My background: long-time SAS and R user, trying to figure out how to do some elementary things in Azure Databricks using Python and Spark. Sorry for the lack of a reproducible example below; I'm not sure how to create one like this.
I'm trying to read data from a complicated XML file. I've reached this point, where I have a pyspark.sql.dataframe (call it xml1) with this arrangement:
RESPONSE:array
element:array
element:struct
VALUE:string
VARNAME:string
The xml1 dataframe looks like this:
[Row(RESPONSE=[[Row(VALUE='No', VARNAME='PROV_U'), Row(VALUE='Included', VARNAME='ADJSAMP'), Row(VALUE='65', VARNAME='AGE'), ...
When I use xml2=xml1.toPandas(), I get this:
RESPONSE
0 [[(No, PROV_U), (Included, ADJSAMP), (65, AGE)...

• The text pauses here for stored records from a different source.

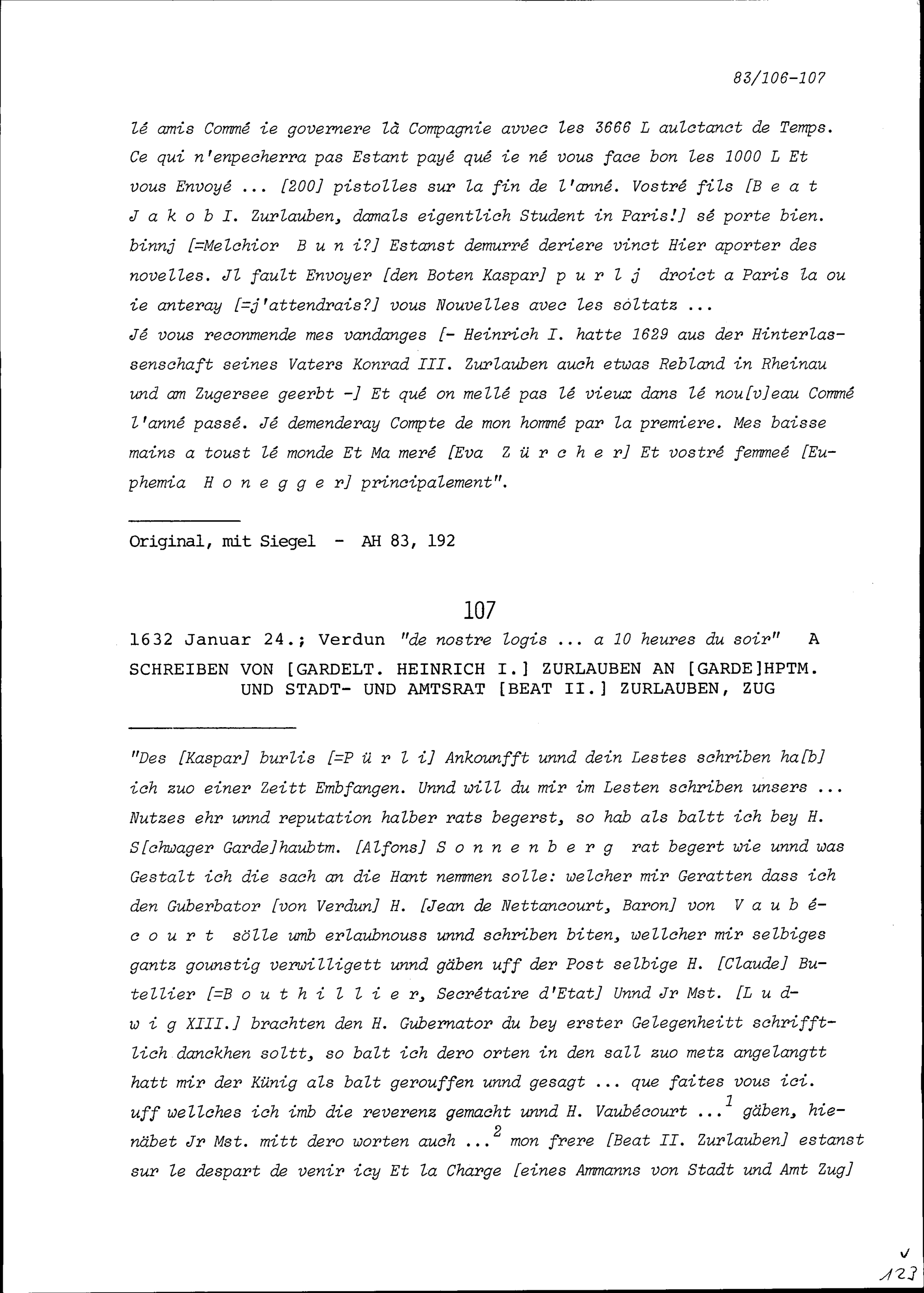 Schreiben von Heinrich I. Zurlauben, Gardeleutnant, an Beat II. Zurlauben, Gardehauptmann...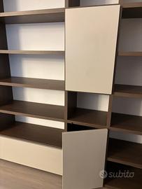 Composizione di piu livelli con 3 ante apribili con sistema push-pull, di cui una con pistoni di rallentamento.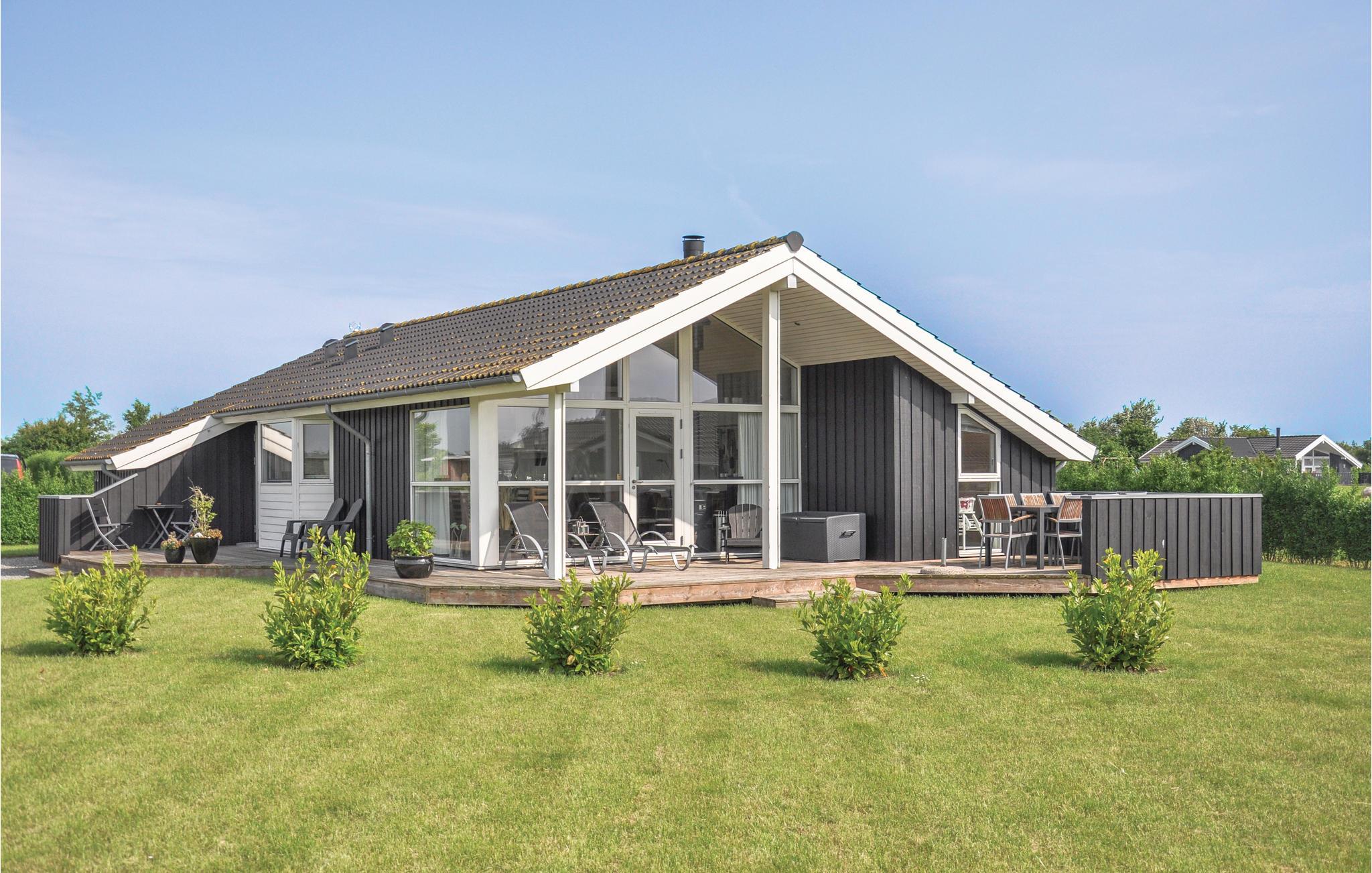 Flot og stilfuldt feriehus i Skovmose med spabad, sauna og stor terrasse tæt på strand og natur.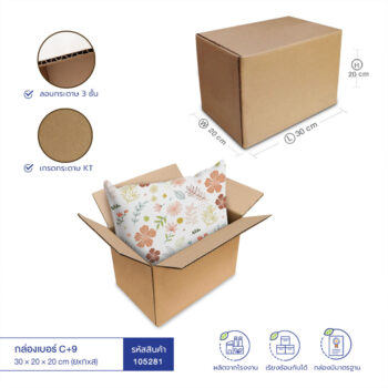 กล่องกระดาษลูกฟูก เบอร์ C+9 30x20x20 cm. | 30 | 20 | 20 | ขั้นต่ำ 25 ใบราคาเริ่มต้นที่ ฿7.25 / ใบราคารวม VAT | |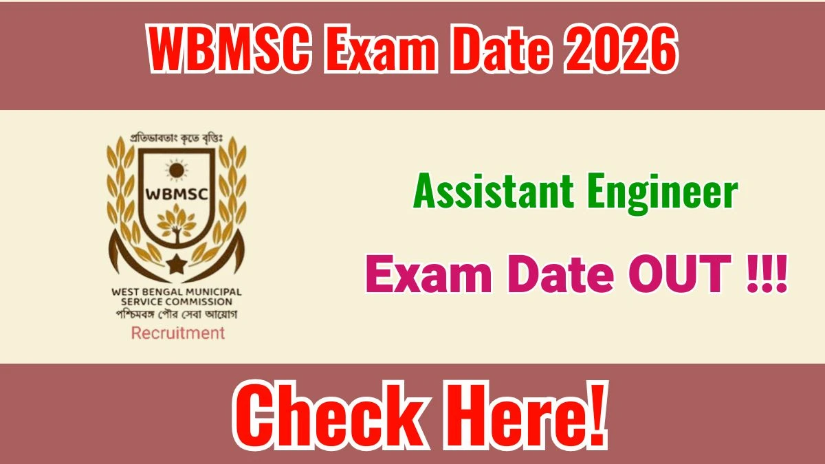 WBMSC Exam Date 2026: The West Bengal Municipal Service Commission has officially released the exam date for the Assistant Engineer recruitment. Candidates who have applied for the Assistant Engineer posts can check the complete exam schedule below. The examination is scheduled to be held on 18 January 2026. All eligible candidates are advised to download their admit cards and prepare accordingly.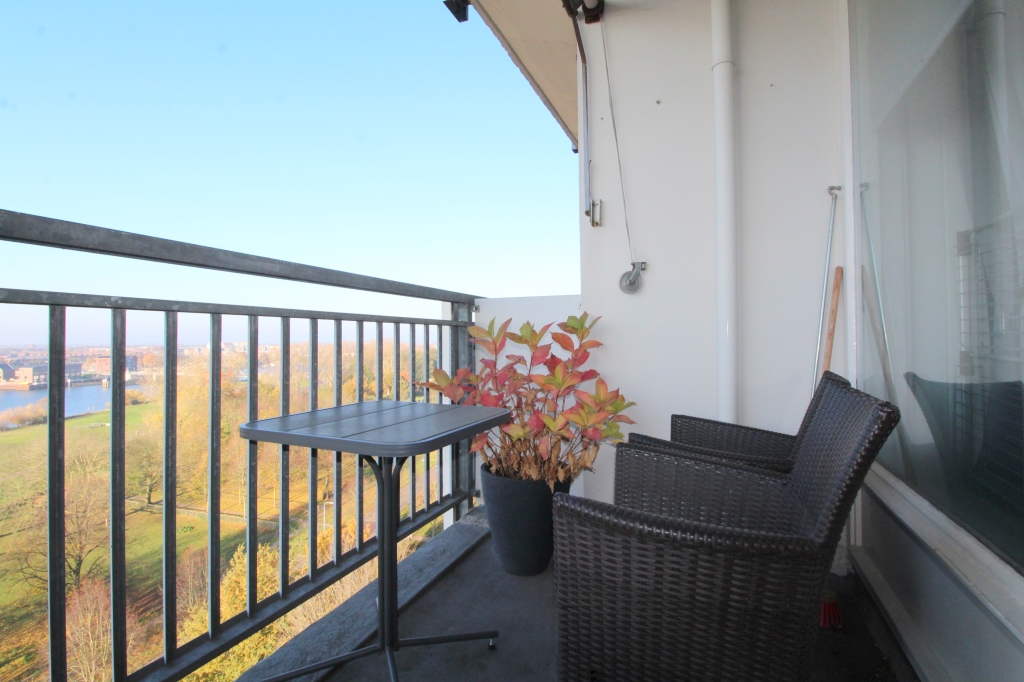 Op de tiende verdieping van het Terborch Veste-complex bevindt zich dit mooie 2-kamer appartement met royaal balkon, prachtig uitzicht en een eigen berging. Op een ideale locatie: op enkele minuten lo...

1 [[(Included, ADJSAMP), (71, AGE), ...
...
At a minimum, I would like to convert this to a Pandas dataframe with two columns VARNAME and VALUE. A better solution would be a dataframe with columns named with VARNAME values (such as PROV_U, ADJSAMP, AGE), with one row per RESPONSE. Helpful hints with names of correct Python terms in intermediate steps are appreciated!
To deal with array of structs explode is your answer. Here is link on how to use explode https://hadoopist.wordpress.com/2016/05/16/how-to-handle-nested-dataarray-of-structures-or-multiple-explodes-in-sparkscala-and-pyspark/